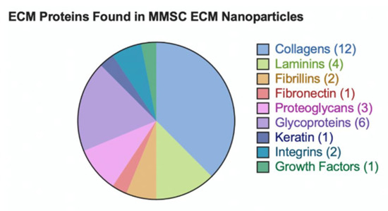 The mass spectrometry results confirmed that both the MMSC ECM nanoparticles contained important structural ECM proteins and potential proteins and peptides that contribute to their bioactivity. The nanoparticles had the greatest percentage of proteins from the cytoplasm and then membrane-associated proteins (Figure 2). Scaffold 5 determined that 160 proteins from the total proteasome were from the ECM region in the MMSC ECM nanoparticles. Collagens, laminins, fibronectin, proteoglycans, glycoproteins, growth factors, integrins, keratin, and fibrillins were all predicted to be in the MMSC ECM nanoparticles as seen in (Figure 3).
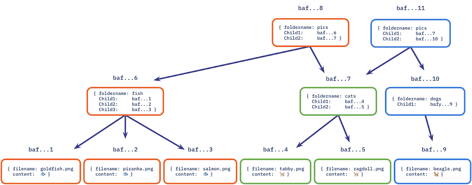 This scenario is nearly identical to the DriveBox example we saw earlier! An example of a distributed storage system that is one level deeper than applications like Box/DropBox/OneDrive/etc. is IPFS (InterPlanetary File System). IPFS uses Merkle trees to create something known as content-addressed storage, as seen in this visualization from their blog:
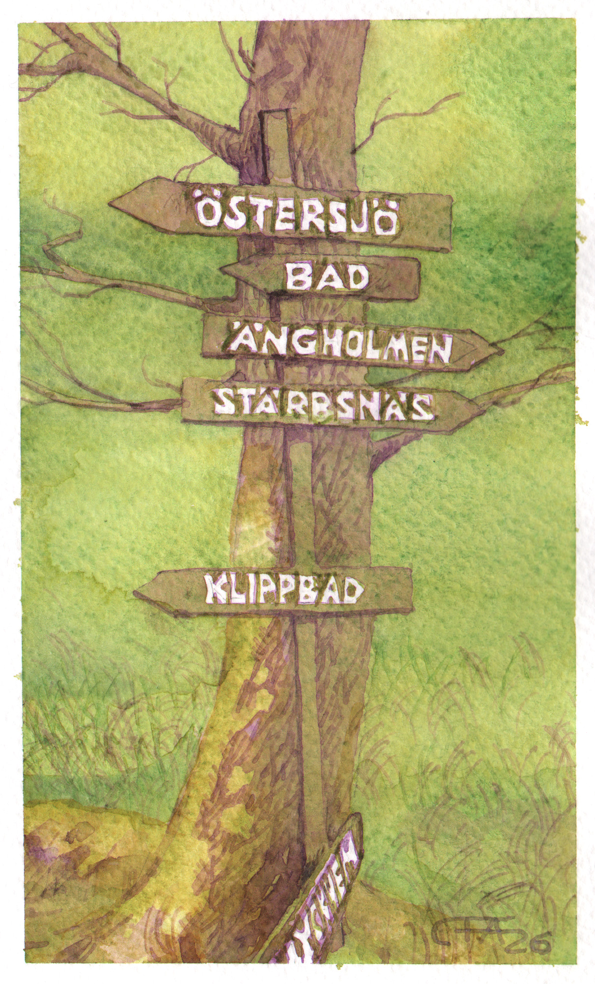 Vägvisare i skogen vid Lyckhem. Jag målade från minnet och minnet är inte perfekt. Skylten märkt "bad" ska naturligtvis peka åt andra hållet och eventuellt stavades Stärbsnäs med e.
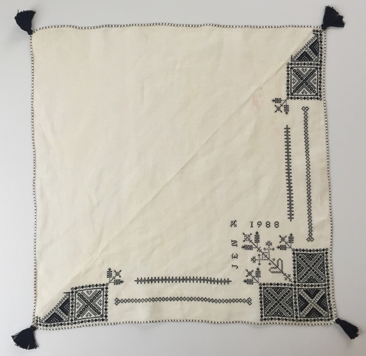 Geometriskt mönster i kvadrater i hörnen. Två bårder mellan kvadraterna på ryggsnibb och framsnibbar. På ryggsnibben tre kvadrater och en majstångsspira samt märkning med årtal och initialer. På varje framsnibb en kvadrat och en trekant. Ett ornament.
+===+
What the task requires: Please give again only those lines that run from the one containing "This scenario is" through the final line of the listing, both included, exactly as written and without pictures.

Answer to the problem:
 This scenario is nearly identical to the DriveBox example we saw earlier! An example of a distributed storage system that is one level deeper than applications like Box/DropBox/OneDrive/etc. is IPFS (InterPlanetary File System). IPFS uses Merkle trees to create something known as content-addressed storage, as seen in this visualization from their blog:
 Vägvisare i skogen vid Lyckhem. Jag målade från minnet och minnet är inte perfekt. Skylten märkt "bad" ska naturligtvis peka åt andra hållet och eventuellt stavades Stärbsnäs med e.
 Geometriskt mönster i kvadrater i hörnen. Två bårder mellan kvadraterna på ryggsnibb och framsnibbar. På ryggsnibben tre kvadrater och en majstångsspira samt märkning med årtal och initialer. På varje framsnibb en kvadrat och en trekant. Ett ornament.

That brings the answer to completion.